__Directions__: The listing below holds a line with "在展览准备的20多天里,橡胶" and a later line with "新城醫(yī)院11月17日至11月23日門診出診信息". Write out those two lines and every line between them, exactly, and nothing else.
Source material Block Start
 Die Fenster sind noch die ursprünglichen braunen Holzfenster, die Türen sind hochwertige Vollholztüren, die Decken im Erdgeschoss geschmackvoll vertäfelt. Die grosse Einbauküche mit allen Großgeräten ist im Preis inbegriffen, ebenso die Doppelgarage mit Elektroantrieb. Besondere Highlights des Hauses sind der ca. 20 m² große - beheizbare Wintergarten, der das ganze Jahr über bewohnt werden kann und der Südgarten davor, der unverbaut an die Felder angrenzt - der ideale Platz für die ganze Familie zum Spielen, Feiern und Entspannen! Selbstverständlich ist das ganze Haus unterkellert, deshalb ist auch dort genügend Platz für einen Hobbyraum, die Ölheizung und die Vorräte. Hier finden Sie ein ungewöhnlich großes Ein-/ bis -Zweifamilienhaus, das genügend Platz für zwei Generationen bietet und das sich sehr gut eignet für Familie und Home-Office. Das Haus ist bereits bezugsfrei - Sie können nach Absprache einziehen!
Source material Block End
Source material Block Start
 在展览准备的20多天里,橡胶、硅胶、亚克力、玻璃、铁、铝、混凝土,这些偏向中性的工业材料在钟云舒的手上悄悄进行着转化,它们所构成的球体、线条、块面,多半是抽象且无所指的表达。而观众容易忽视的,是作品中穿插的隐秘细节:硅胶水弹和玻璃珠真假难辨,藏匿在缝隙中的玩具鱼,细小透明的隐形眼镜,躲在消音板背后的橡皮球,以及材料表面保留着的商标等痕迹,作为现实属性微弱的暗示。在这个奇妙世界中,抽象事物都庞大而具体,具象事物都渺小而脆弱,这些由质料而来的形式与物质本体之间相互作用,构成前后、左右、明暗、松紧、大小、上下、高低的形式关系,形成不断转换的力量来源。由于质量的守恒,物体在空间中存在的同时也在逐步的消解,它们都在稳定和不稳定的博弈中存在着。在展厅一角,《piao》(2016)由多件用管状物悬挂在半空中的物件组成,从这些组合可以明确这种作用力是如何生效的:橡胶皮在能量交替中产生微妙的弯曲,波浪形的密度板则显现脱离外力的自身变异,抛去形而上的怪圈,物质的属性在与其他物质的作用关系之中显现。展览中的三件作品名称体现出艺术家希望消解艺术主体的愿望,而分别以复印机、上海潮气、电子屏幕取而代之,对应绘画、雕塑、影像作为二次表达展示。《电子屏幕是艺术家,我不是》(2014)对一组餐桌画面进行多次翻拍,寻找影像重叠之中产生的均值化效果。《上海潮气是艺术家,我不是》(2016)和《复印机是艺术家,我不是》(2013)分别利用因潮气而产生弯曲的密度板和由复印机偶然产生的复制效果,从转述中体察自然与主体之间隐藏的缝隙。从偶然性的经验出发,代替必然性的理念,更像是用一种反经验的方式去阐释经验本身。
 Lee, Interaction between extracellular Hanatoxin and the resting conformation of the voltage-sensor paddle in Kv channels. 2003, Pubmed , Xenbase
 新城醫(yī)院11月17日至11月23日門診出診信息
Source material Block End
Source material Block Start
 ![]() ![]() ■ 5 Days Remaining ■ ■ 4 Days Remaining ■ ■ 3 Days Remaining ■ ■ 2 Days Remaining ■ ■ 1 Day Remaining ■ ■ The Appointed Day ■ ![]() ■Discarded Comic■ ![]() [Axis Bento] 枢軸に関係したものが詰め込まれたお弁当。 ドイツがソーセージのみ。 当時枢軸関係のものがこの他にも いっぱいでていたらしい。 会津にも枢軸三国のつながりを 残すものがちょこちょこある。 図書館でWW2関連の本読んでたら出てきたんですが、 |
Source material Block End
__Answer below__:
 在展览准备的20多天里,橡胶、硅胶、亚克力、玻璃、铁、铝、混凝土,这些偏向中性的工业材料在钟云舒的手上悄悄进行着转化,它们所构成的球体、线条、块面,多半是抽象且无所指的表达。而观众容易忽视的,是作品中穿插的隐秘细节:硅胶水弹和玻璃珠真假难辨,藏匿在缝隙中的玩具鱼,细小透明的隐形眼镜,躲在消音板背后的橡皮球,以及材料表面保留着的商标等痕迹,作为现实属性微弱的暗示。在这个奇妙世界中,抽象事物都庞大而具体,具象事物都渺小而脆弱,这些由质料而来的形式与物质本体之间相互作用,构成前后、左右、明暗、松紧、大小、上下、高低的形式关系,形成不断转换的力量来源。由于质量的守恒,物体在空间中存在的同时也在逐步的消解,它们都在稳定和不稳定的博弈中存在着。在展厅一角,《piao》(2016)由多件用管状物悬挂在半空中的物件组成,从这些组合可以明确这种作用力是如何生效的:橡胶皮在能量交替中产生微妙的弯曲,波浪形的密度板则显现脱离外力的自身变异,抛去形而上的怪圈,物质的属性在与其他物质的作用关系之中显现。展览中的三件作品名称体现出艺术家希望消解艺术主体的愿望,而分别以复印机、上海潮气、电子屏幕取而代之,对应绘画、雕塑、影像作为二次表达展示。《电子屏幕是艺术家,我不是》(2014)对一组餐桌画面进行多次翻拍,寻找影像重叠之中产生的均值化效果。《上海潮气是艺术家,我不是》(2016)和《复印机是艺术家,我不是》(2013)分别利用因潮气而产生弯曲的密度板和由复印机偶然产生的复制效果,从转述中体察自然与主体之间隐藏的缝隙。从偶然性的经验出发,代替必然性的理念,更像是用一种反经验的方式去阐释经验本身。
 Lee, Interaction between extracellular Hanatoxin and the resting conformation of the voltage-sensor paddle in Kv channels. 2003, Pubmed , Xenbase
 新城醫(yī)院11月17日至11月23日門診出診信息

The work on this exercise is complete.